Problem requirements -
Exact reproduction is required for the lines below starting at the line with "الأمر شيء حتى" and ending at the line with "西安交通大学春季学期就业服务", both included. No other lines, and no pictures.

Material for this task -
☆ ☆ ☆ ☆

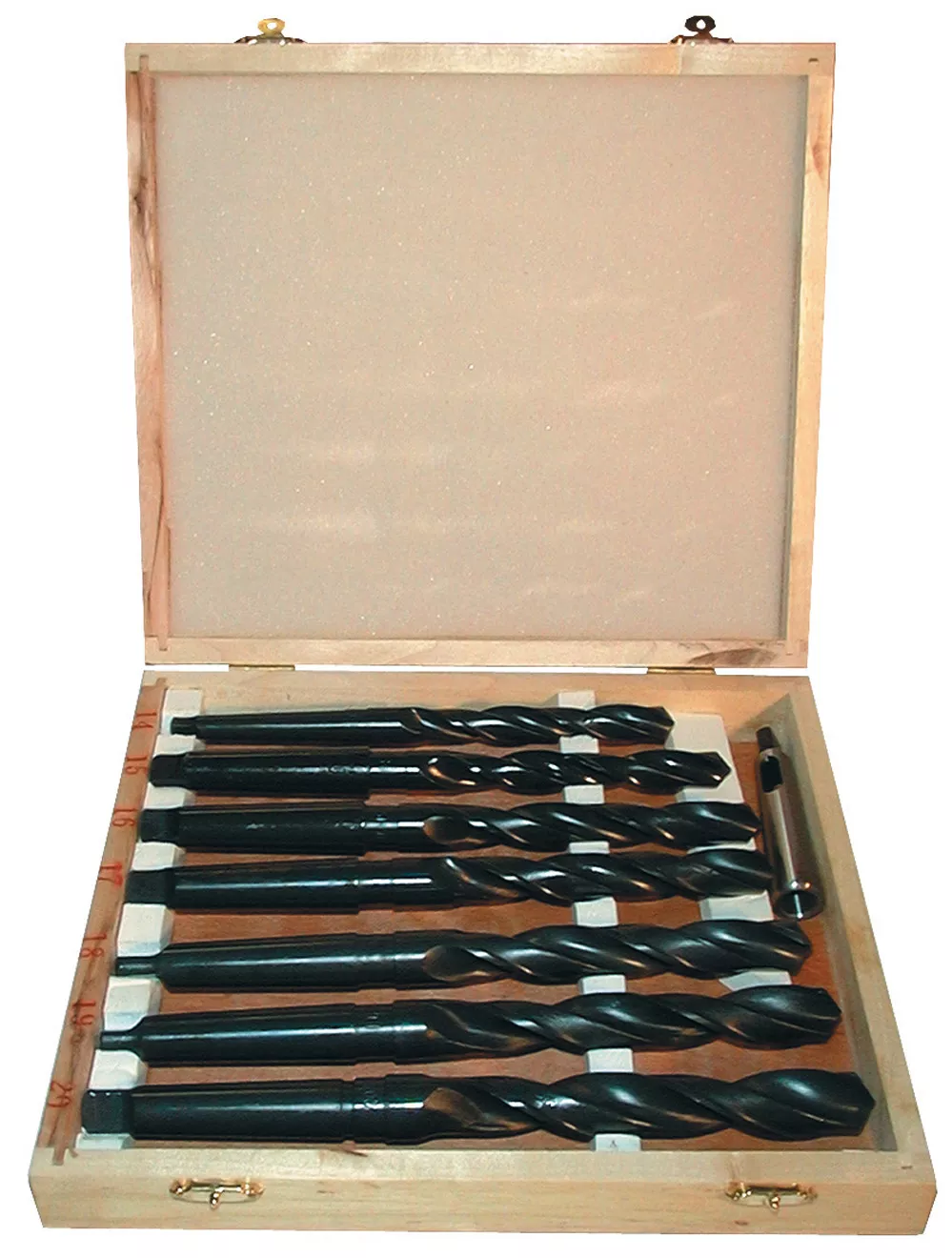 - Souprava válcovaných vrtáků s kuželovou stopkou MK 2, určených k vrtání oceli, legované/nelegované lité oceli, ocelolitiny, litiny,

☆ ☆ ☆ ☆

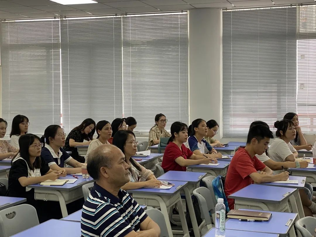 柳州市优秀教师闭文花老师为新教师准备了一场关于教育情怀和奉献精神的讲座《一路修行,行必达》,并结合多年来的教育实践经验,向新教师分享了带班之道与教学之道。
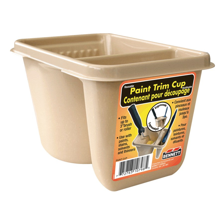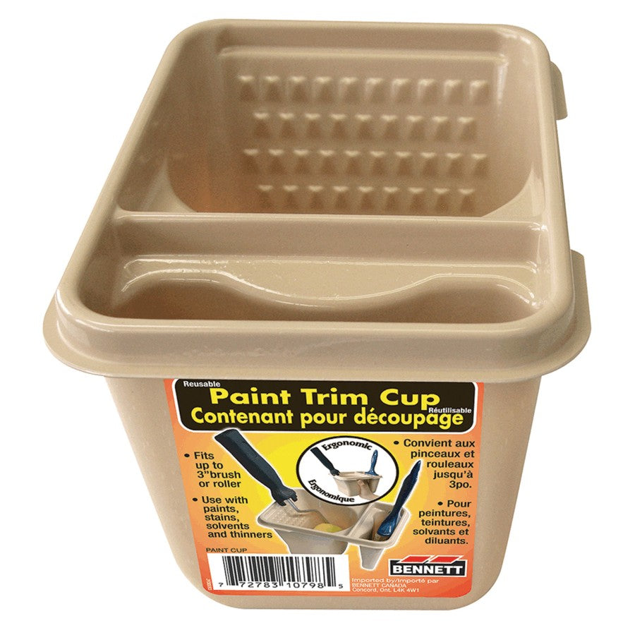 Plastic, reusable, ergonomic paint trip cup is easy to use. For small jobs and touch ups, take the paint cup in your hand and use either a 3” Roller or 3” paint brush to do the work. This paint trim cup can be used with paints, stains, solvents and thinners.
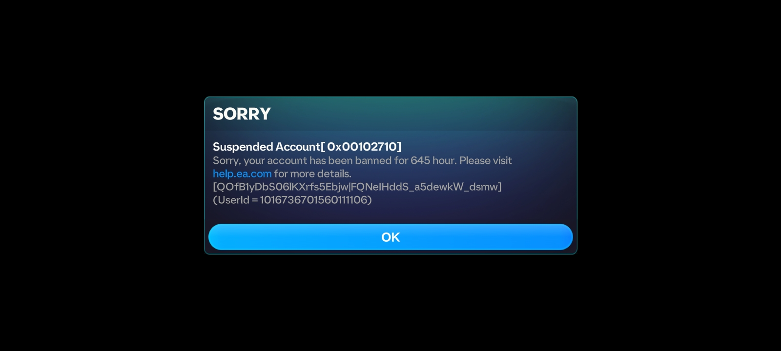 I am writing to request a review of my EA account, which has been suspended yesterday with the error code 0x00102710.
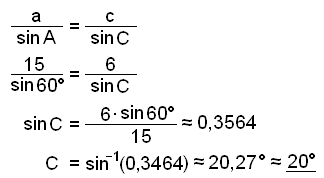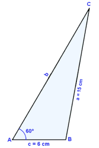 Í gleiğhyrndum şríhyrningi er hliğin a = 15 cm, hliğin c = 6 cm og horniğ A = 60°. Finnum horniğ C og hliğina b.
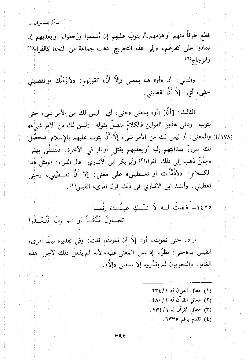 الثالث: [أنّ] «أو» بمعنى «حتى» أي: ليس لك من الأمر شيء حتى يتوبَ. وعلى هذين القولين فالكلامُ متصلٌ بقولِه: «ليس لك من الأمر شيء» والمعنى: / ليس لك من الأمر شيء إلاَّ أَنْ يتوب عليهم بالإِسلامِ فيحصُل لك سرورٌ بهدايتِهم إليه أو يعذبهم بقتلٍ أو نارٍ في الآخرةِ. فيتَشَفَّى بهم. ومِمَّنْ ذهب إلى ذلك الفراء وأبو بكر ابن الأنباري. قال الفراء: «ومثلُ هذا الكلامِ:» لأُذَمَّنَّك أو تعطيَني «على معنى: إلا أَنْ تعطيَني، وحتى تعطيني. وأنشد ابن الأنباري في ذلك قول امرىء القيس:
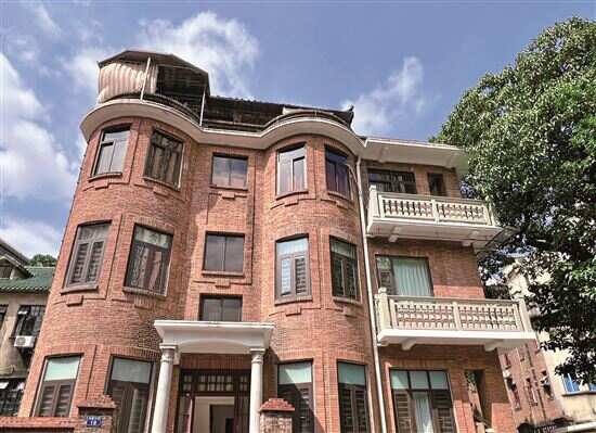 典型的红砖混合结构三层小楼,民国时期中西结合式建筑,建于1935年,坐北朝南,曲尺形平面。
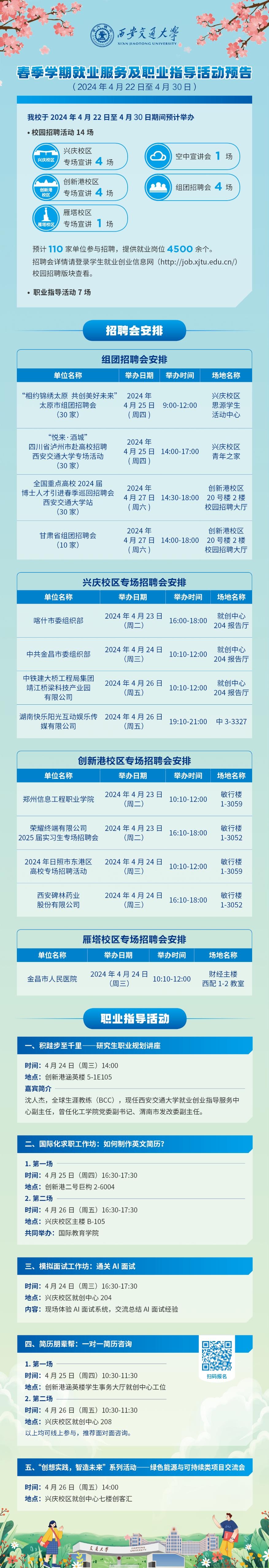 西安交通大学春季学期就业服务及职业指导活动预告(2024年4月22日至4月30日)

☆ ☆ ☆ ☆

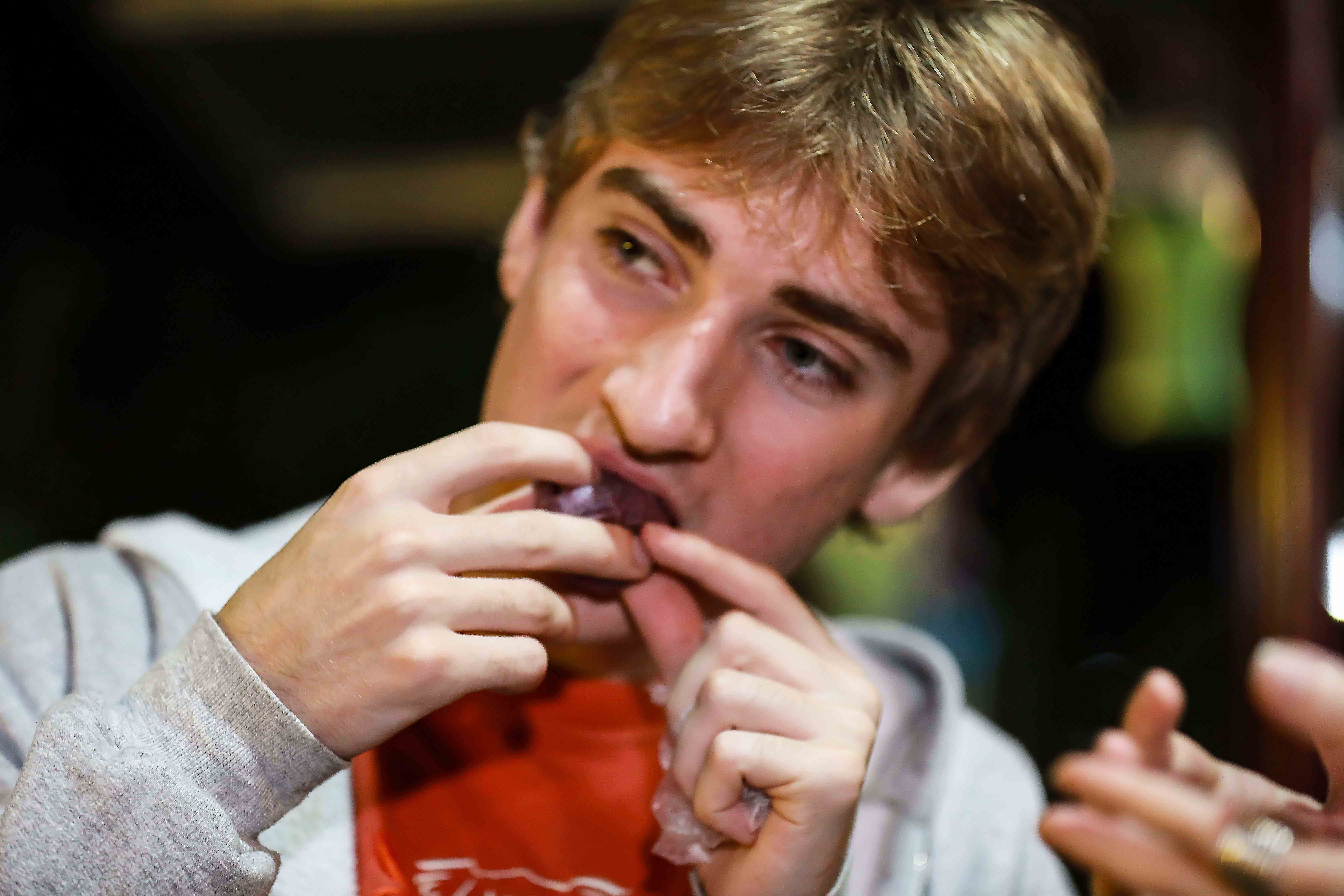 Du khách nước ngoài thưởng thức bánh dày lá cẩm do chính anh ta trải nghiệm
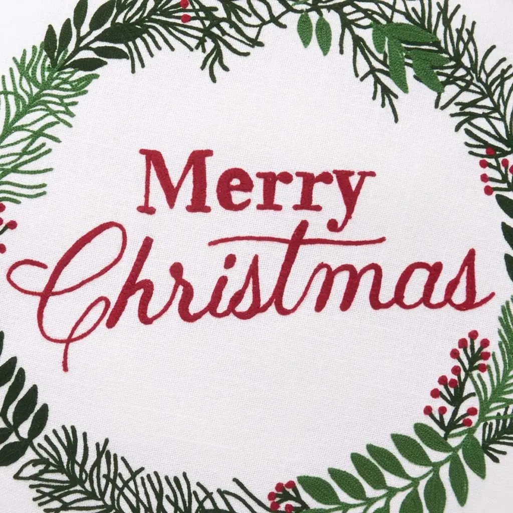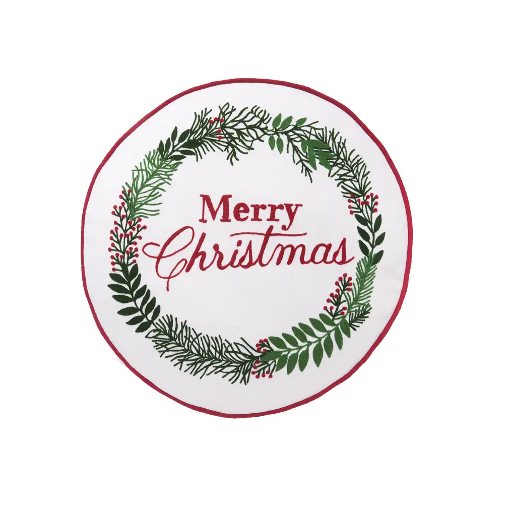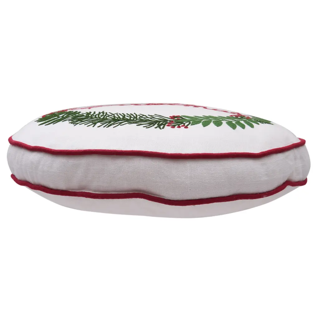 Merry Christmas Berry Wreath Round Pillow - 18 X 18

☆ ☆ ☆ ☆

Answer below -
 الثالث: [أنّ] «أو» بمعنى «حتى» أي: ليس لك من الأمر شيء حتى يتوبَ. وعلى هذين القولين فالكلامُ متصلٌ بقولِه: «ليس لك من الأمر شيء» والمعنى: / ليس لك من الأمر شيء إلاَّ أَنْ يتوب عليهم بالإِسلامِ فيحصُل لك سرورٌ بهدايتِهم إليه أو يعذبهم بقتلٍ أو نارٍ في الآخرةِ. فيتَشَفَّى بهم. ومِمَّنْ ذهب إلى ذلك الفراء وأبو بكر ابن الأنباري. قال الفراء: «ومثلُ هذا الكلامِ:» لأُذَمَّنَّك أو تعطيَني «على معنى: إلا أَنْ تعطيَني، وحتى تعطيني. وأنشد ابن الأنباري في ذلك قول امرىء القيس:
 典型的红砖混合结构三层小楼,民国时期中西结合式建筑,建于1935年,坐北朝南,曲尺形平面。
 西安交通大学春季学期就业服务及职业指导活动预告(2024年4月22日至4月30日)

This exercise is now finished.